I was recently looking for good homebrew games on the PSP (I might start a subject on that in future posts…), which reminded me of games I used to play on the PSP when I started seriously thinking about Wagic.
I didn’t realize it at the time, but it is funny how these games inspired me when I started coding my game.
But before talking of PSP homebrews, I’ll start with the obvious inspirations. Of course, Wagic is inspired from Magic the Gathering, but more specifically, the two following games:
Shandalar is an old Microprose game that allowed to play quests in an heroic fantasy world, while fighting against other sorcerers with Magic cards. Although I never played the game, I was always impressed by the idea of “progressing” in a game, fulfill quests, visit shops to buy cards, and stuff like that. This game was much more than a MTG simulation, it was a real game relying on the rules of MTG with goals to achieve, which is why I think it was (and still is) succesful. The whole idea of the shop in Wagic (buying cards/unlocking sets) comes from this. Actually, the initial goal for Wagic was that you’d travel on a map and fight ennemies with your cards… I haven’t given up on this idea yet, but it clearly means creating a whole RPG, which is a huge task.

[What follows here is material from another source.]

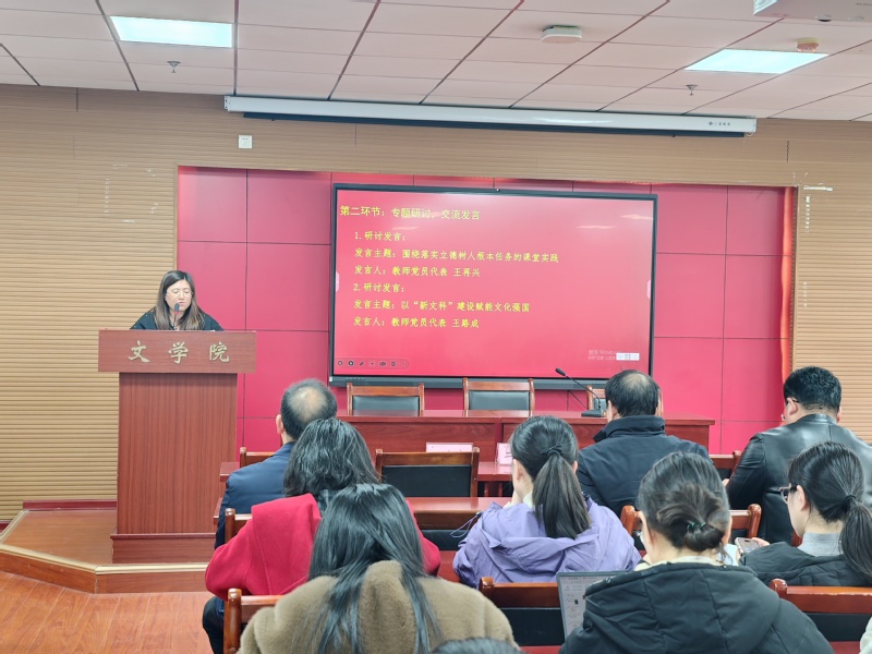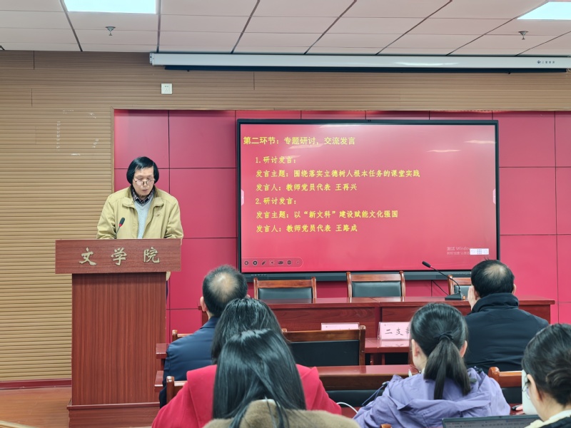 在交流研讨环节,教师党员代表王再兴围绕“落实立德树人根本任务的课堂实践”作交流发言,结合教学一线实际,分享了将价值引领融入专业课堂的探索与思考。教师党员代表王路成以“‘新文科’建设赋能文化强国”为题发言,指出文学院应作为“新文科”建设的前沿阵地,主动将全会精神转化为发展动能,找准定位、服务大局,积极探索跨学科培养模式,培养学生具备扎实人文素养和面向未来数字技能。发言引发热烈反响,与会人员结合实际工作畅谈学习心得、交流思想感悟,大家一致表示,将以全会精神为指引,立足教学科研管理一线,使古老人文学科在新时代焕发勃勃生机,切实担当起新的文化使命。

Shandalar was made to run on screens that didn’t have the cool resolutions we have nowadays. Keeping this in mind helped me work on the initial designs of Wagic. With the size of the PSP screen, we always have to have an interface that allows to show lots of information on a very limited space.
For those who don’t know, Shandalar is maintained by a group of fans, under the name Manalink. Manalink handles Momir Basic, which is where I got the idea of implementing it in Wagic as well
In 2007 when I started working on Wagic, Forge (it was called MTG Forge at the time) was the only “mainstream” open source game that allowed people to play MTG against an AI. Other solutions existed, such as MagMa – Magic Machine – but weren’t easy to access – at least the source. Forge is written in Java while other freeware programs were either closed source or not portable. My initial goal was to see if I could port an existing freeware game to the PSP. Forge doesn’t have the best interface or the cleanest code in the world of open source, but it was the proof that creating an AI to play MTG was doable. I quickly gave up on porting it though, as I needed to rewrite it in C, and I disagreed with most of the design choices mades in the code. In the last months, Forge has been getting lots of improvements. I must admit I haven’t played it in a while. The screenshot above is neither recent nor old. The version I played two years ago couldn’t show the card pictures on the board. Forge lacks eye candy, but it’s getting better, and it’s probably the most active open source MTG project currently.
Defense Station PSP
DSP was a PSP homebrew made by coder Danzel. Not only was it quite fun to play, it didn’t use any fancy 3d and was a full game with lots of customization. By “full game”, I mean it was more than a proof of concept. A problem with most homebrews on the PSP is that they only have one level. Or no end. Or no goal at all… which makes you play them for 10 minutes then throw them away. DSP wasn’t one of those. You could play it, play it again, download packs with different levels. It was extremely fun, and if you like tower defense I recommend it. (I also recommend Comet Crash on the PS3 if you’re into tower defense, by the way). When I saw lots of people contributing to DSP with maps and new graphics, I new I wanted Wagic to allow the same kind of customization
I’ve spent countless hours on this game. It made me realize that it was possible to do a fun game without any incredible graphic skills (which is my main issue). While playing this game I realized creating a card game on the PSP wouldn’t require me to draw anything but rectangles. Yet I wanted more strategy in my game, which is why I went with the concept of TCCG. The very simple gray tone was clearly the inspiration for the main menu in the first versions of Wagic (I can’t show them to you because they used copyrighted graphics, but people who played the early releases back in 2008 probably remember a gray gradient with mana icons. It was very sober and I loved it).